Authors Note: Oh, my first fanfiction! Anyway its about Lady Jade Leaf! Oh I hated her so much, but I have this strange tendency of turning hated characters around and showing a "possible" side of them. So.that's what I plan to do in this story. Off the bat I shall say I tend to never finish my stories and with school updates will probably be rare (with the exception of the beginning). But If people enjoy and review that will give me the encouragement to continue. So-please tell me what you think.  
  
~Me~  
  
This book. It's pretty. The cover feels like smooth seashells, and looks like one too with its jade wavy pattern. I once had one exactly like it-a twin so to say but it was stolen. And I know by who too. It was that girl, Claidi. Ironic, no?  
  
How rude, I never properly introduced myself. My name is Lady Jade Leaf, exquisite no? Perhaps my name is the only part of me that I value. It fits me so well, with perhaps the exception of "Lady." I'm sure if you were to ask any of the other royal members of The House they would heartilly agree that I am jaded. With the possible exception of mummy. Ironically she is the one person who I wished know how sad I am. Then there are the maids, servents, slaves. They too are blissfully unaware of the interal conflicts I feud every day. Blissfully I say, for if they knew how I were really like they'd be burdened with guilt of all the awful things they have said about me behind my back. I hear, everything. Witch, hippo, clumsy, whore, bitch. I do not blame they however, because I find these conflicts so hard to face I usually take my anger out on them, and thus that gives them all right to call me whatever they wish. Despite being seventeen I face problems those one of thirty probably has not had to.

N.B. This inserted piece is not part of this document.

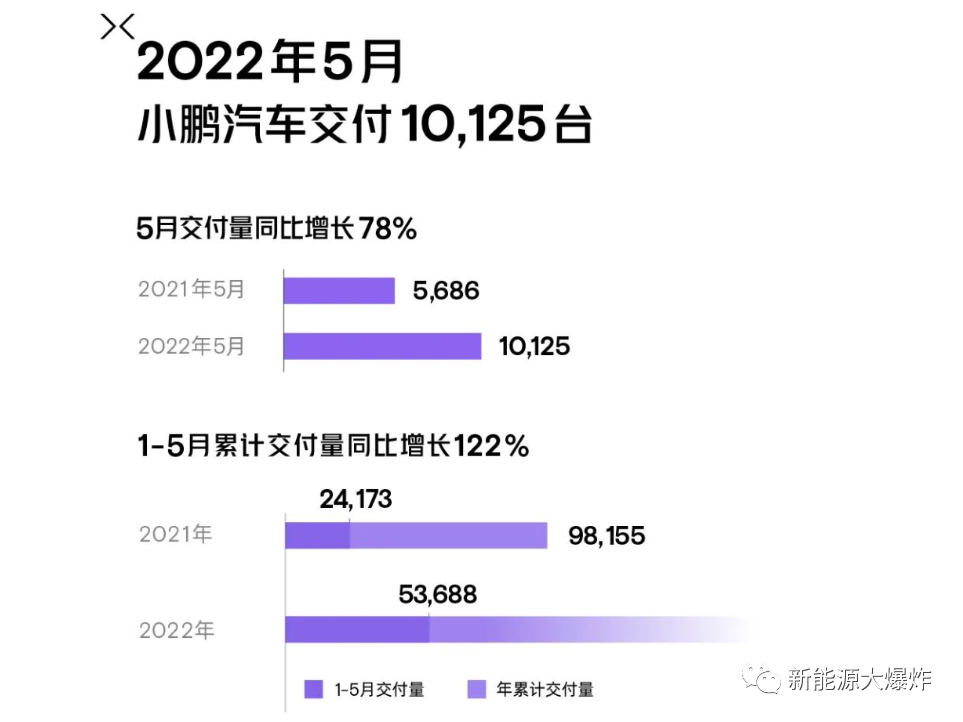 5月总交付量10,125台,同比增长78%。其中,小鹏P7交付4,224台,小鹏P5交付3,686台,小鹏G3i交付2,215台。今年1-5月小鹏汽车累计交付53,688台,同比增长122%。

Yet, because of my youth I often deal with them in ways someone very young, perhaps thirteen would. I must pause now and realize what I am saying-never before have I been able to directly speak of this. My mother once told me that if you can recognize personality problems that you can stop being like that, that you are just forcing yourself to be so. Oh my, I worded that horribly, lets see if I can make it clearer. The reason this problem was brought of was because a ten year old servent had been using particularly foul language. In an attempt to avoid a beating she said that it wasn't her fault, she had picked it up from the Guards. Mother retorted by saying that it was her mouth saying so, and though that might have been exusable then she knew it was bad now, and so the fault lay in herself. So it applies to me now because I know my faults, yet every time the sadness begins to well up in me like that invader balloon that was sighted just yesterday, I cannot help but take it out on others. Pathetic aren't I?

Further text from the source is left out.